Normally, Python uses backslashes as escape characters. Prefacing the string definition with 'r' is a useful way to define a string where you need the backslash to be an actual backslash and not part of an escape code that means something else in the string.22 Feb 2022
- usually \n means newline \t is tab, but rawstring will make everything compiled as it is

F-string is a way to format strings in Python. It was introduced in Python 3.6 and aims to make it easier for users to add variables, comma separators, do padding with zeros and date format. Python String. | Image: Frank Andrade. F-string was introduced in Python 3.6 and provides a better way to format strings.14 Mar 2023

In [14]:
text1 = "Contact us at support@example.com or sales@example.com"
text = """
RegExr was created by gskinner.com.

Edit the Expression & Text to see matches. Roll over matches or the expression for details. PCRE & JavaScript flavors of RegEx are supported. Validate your expression with Tests mode.

The side bar includes a Cheatsheet, full Reference, and Help. You can also Save & Share with the Community and view patterns you create or favorite in My Patterns.

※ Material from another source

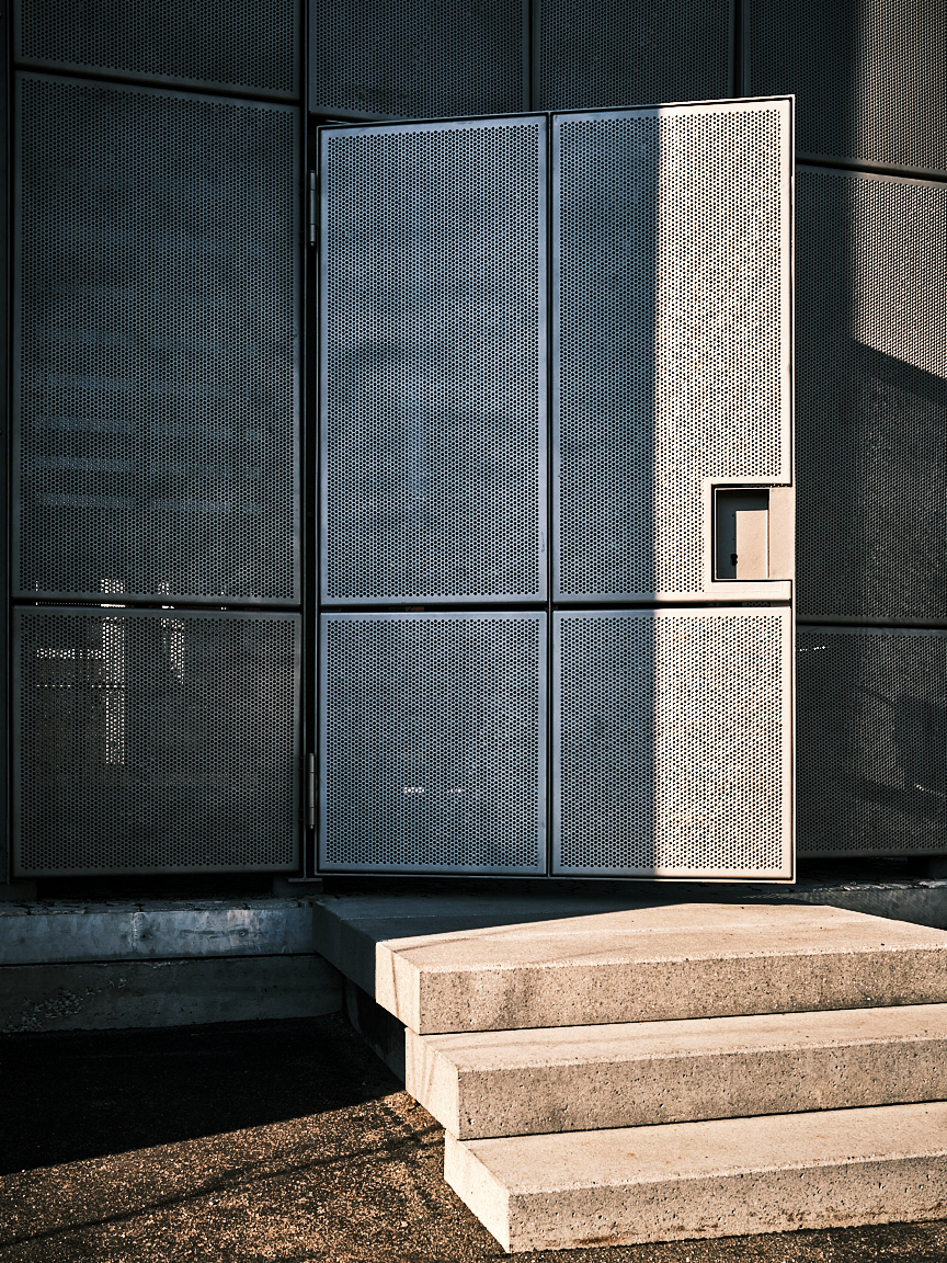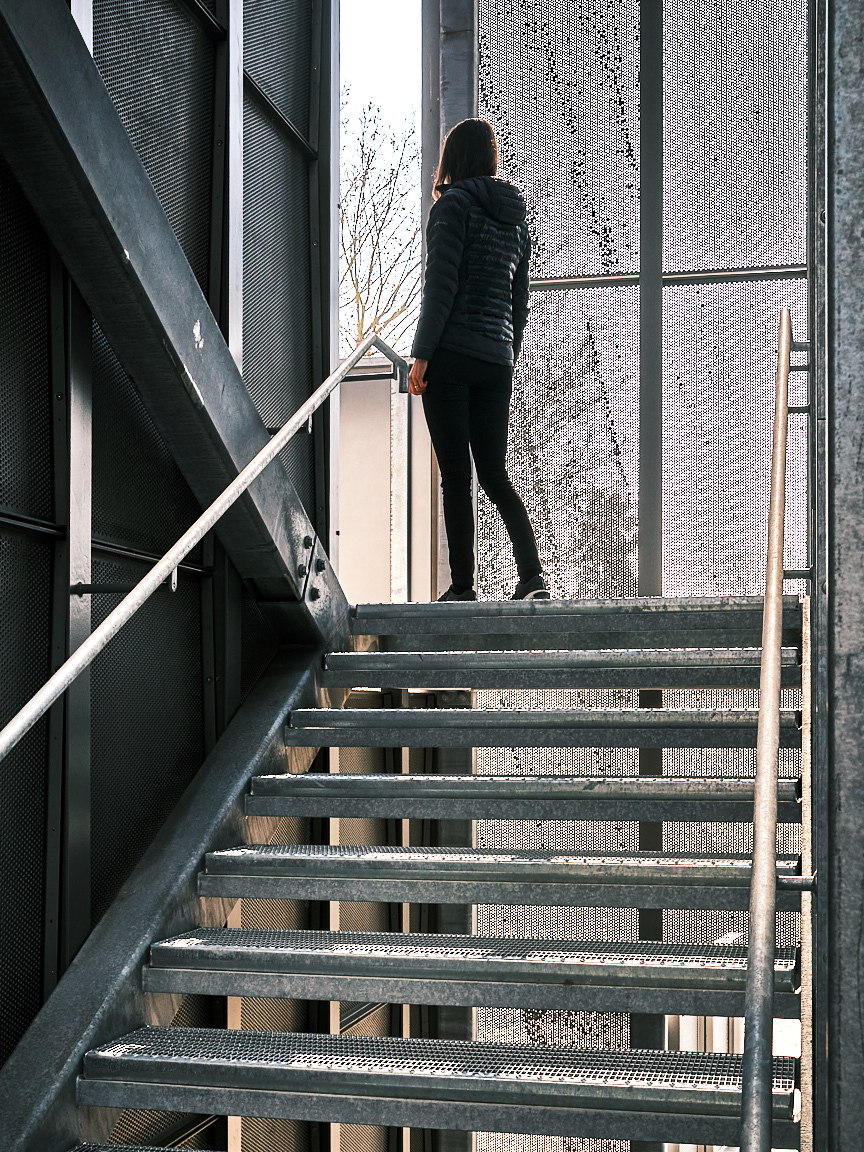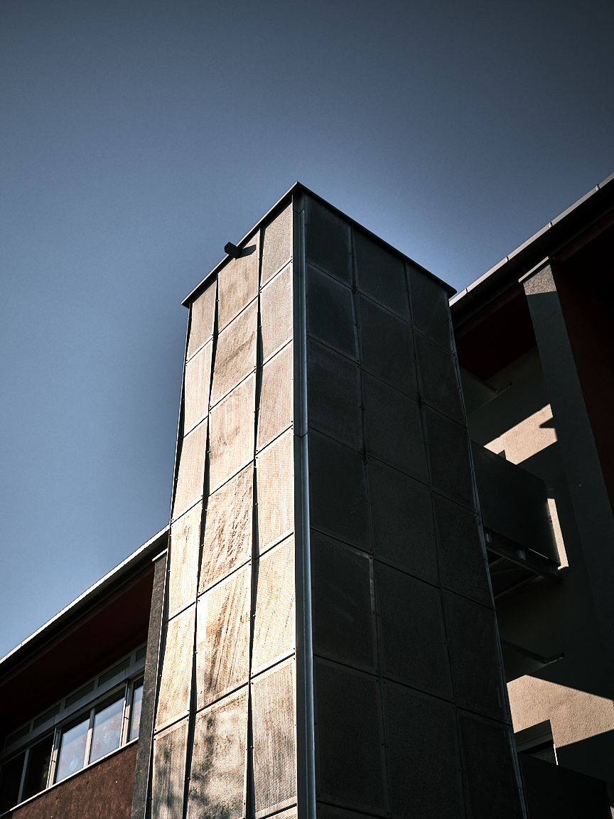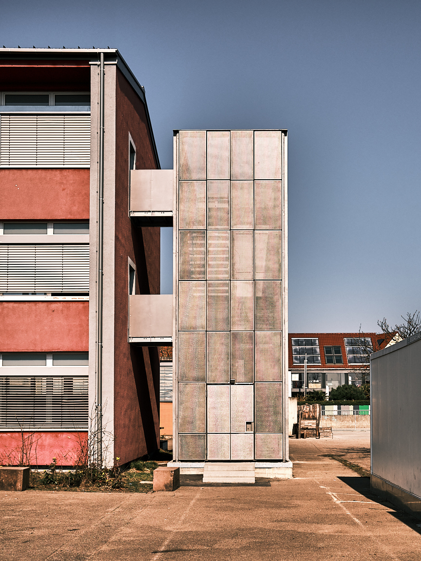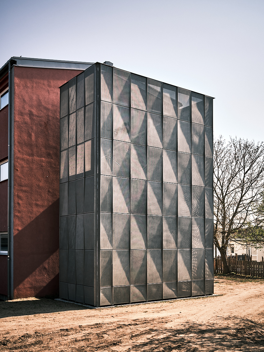 Da der dreigeschossige Gebäudeteil der Schule im Brandfall keine sicheren inneren Treppen besaß, wurden zwei neue Treppentürme an den Giebelfassaden des Bestandsgebäudes errichtet. Die Türme sind als eigenständige Gebäude, mit kleinen Brücken zu den Klassenräumen entwickelt. Die Fassade, aus leicht geneigten Lochblechen, dient gleichzeitg als Absturzsicherung. Für kurze Momente an sonnigen Tagen ist ein beeindruckendes Schattenspiel an den Fassaden der Türme zu beobachten. Ähnlich den Treppentürmen wurde ein Aufzugsturm für die barrierefreie Erschließung des Gebäudes konzipiert.

Explore results with the Tools below. Replace & List output custom results. Details lists capture groups. Explain describes your expression in plain English.
"""
emails = re.findall(r"\b[A-Za-z0-9._%+-]+@[A-Za-z0-9.-]+\.[A-Z|a-z]{2,}\b", text1)
print(emails)  # Output: ['support@example.com', 'sales@example.com']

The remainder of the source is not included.